Our investing activities provided net cash of $573.0 million
in 2000 and $83.7 million in 1999. We used net cash of $985.3 million
in our investing activities in 1998. The increase in net cash provided
by investing activities in 2000 is due to proceeds from the sale
of discontinued operations and reduced property acquisition and
development activity. The increase in net cash provided by investing
activities in 1999 is due to higher net proceeds from sales of properties
and substantially lower levels of property acquisitions.

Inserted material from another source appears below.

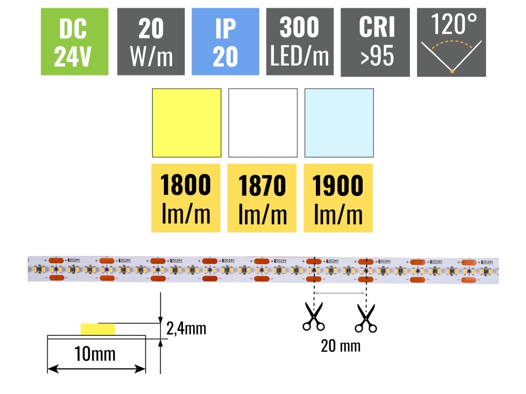 Z výkonu 20W/m pásek vyprodukuje až 1900lm/m. Hustota LED diod je 300ks/m, pásek díky tomu svítí rovnoměrně po celé své délce. Tento pásek je třeba nalepit do hliníkové lišty z důvodu odvodu tepla z LED diod. Všechny naše pásky jsou vybaveny samolepící fólií 3M 300LSE, která skvěle přilne k podkladu. Ten musí být hladký a je třeba ho před lepením pořádně odmastit.

In 2000, we decreased our debt significantly, resulting in a use
of cash for financing activities of $773.7 million. Net debt
repayments during 2000 totaled $546.3 million versus $13.5 million
in 1999. We also repurchased $90.2 million of our common stock
in 2000. Our financing activities used net cash of $238.4 million
in 1999 and provided net cash of $757.8 million in 1998. In
1998, we sold stock, generating proceeds of $296.5 million,
borrowed a net of $323.0 million on our unsecured credit facilities,
primarily to finance acquisitions and issued $350.0 million
of senior unsecured notes. In 1999, we repurchased $109.8 million
of our common stock, borrowed a net of $1.0 million on our
unsecured credit facilities and did not issue any unsecured notes.
Liquidity and
Capital Resources
We seek to create and maintain a capital structure that will enable
us to diversify our capital resources. This should allow us to obtain
additional capital from a number of different sources. These sources
could include additional equity offerings of common stock and/or
preferred stock, public and private debt financings and possible
asset dispositions. Our management believes that we will have access
to the capital resources necessary to expand and develop our business,
to fund our operating and administrative expenses, to continue to
meet our debt service obligations, to pay dividends in accordance
with REIT requirements, to acquire additional properties and land
and to pay for construction in progress.
We have three investment grade ratings. As of December 31, 2000,
Duff & Phelps Credit Rating Co. and Standard & Poors have
assigned a BBB rating to our prospective senior unsecured debt offerings
and their BBB- rating to our prospective cumulative preferred stock
offerings. Moody's Investor Service has assigned its Baa3 rating
to our prospective senior unsecured debt offerings and its Ba2 rating
to our prospective cumulative preferred stock offerings.
Our total debt at December 31, 2000 was $1.2 billion. $176.0 million
of the total debt (14.5%) bore a LIBOR-based floating rate. The
weighted average interest rate on borrowings on our unsecured credit
facility for 2000 was 7.32%. The interest rate of the unsecured
credit facility is 70 basis points over 30-day LIBOR. Our fixed
rate mortgage payable debt bore an effective weighted average interest
rate of 8.09% at December 31, 2000. The weighted average term of
this debt is seven years. At December 31, 2000, our debt represented
31.4% of our total market capitalization of $3.9 billion.
We have a $450.0 million unsecured credit facility. As of December
31, 2000, $176.0 million was drawn on the credit facility,
$3.7 million in letters of credit were outstanding and we had
$270.3 million available for borrowing. This credit facility
matures in August 2001 and we are in the process of negotiating
the terms of renewal. Based on the progress of the negotiations,
we expect that we will continue to have credit available to meet
our needs on satisfactory terms.
Rental revenue and real estate service revenue have been our principal
sources of funds to pay our operating expenses, debt service and
capital expenditures, excluding non-recurring capital expenditures.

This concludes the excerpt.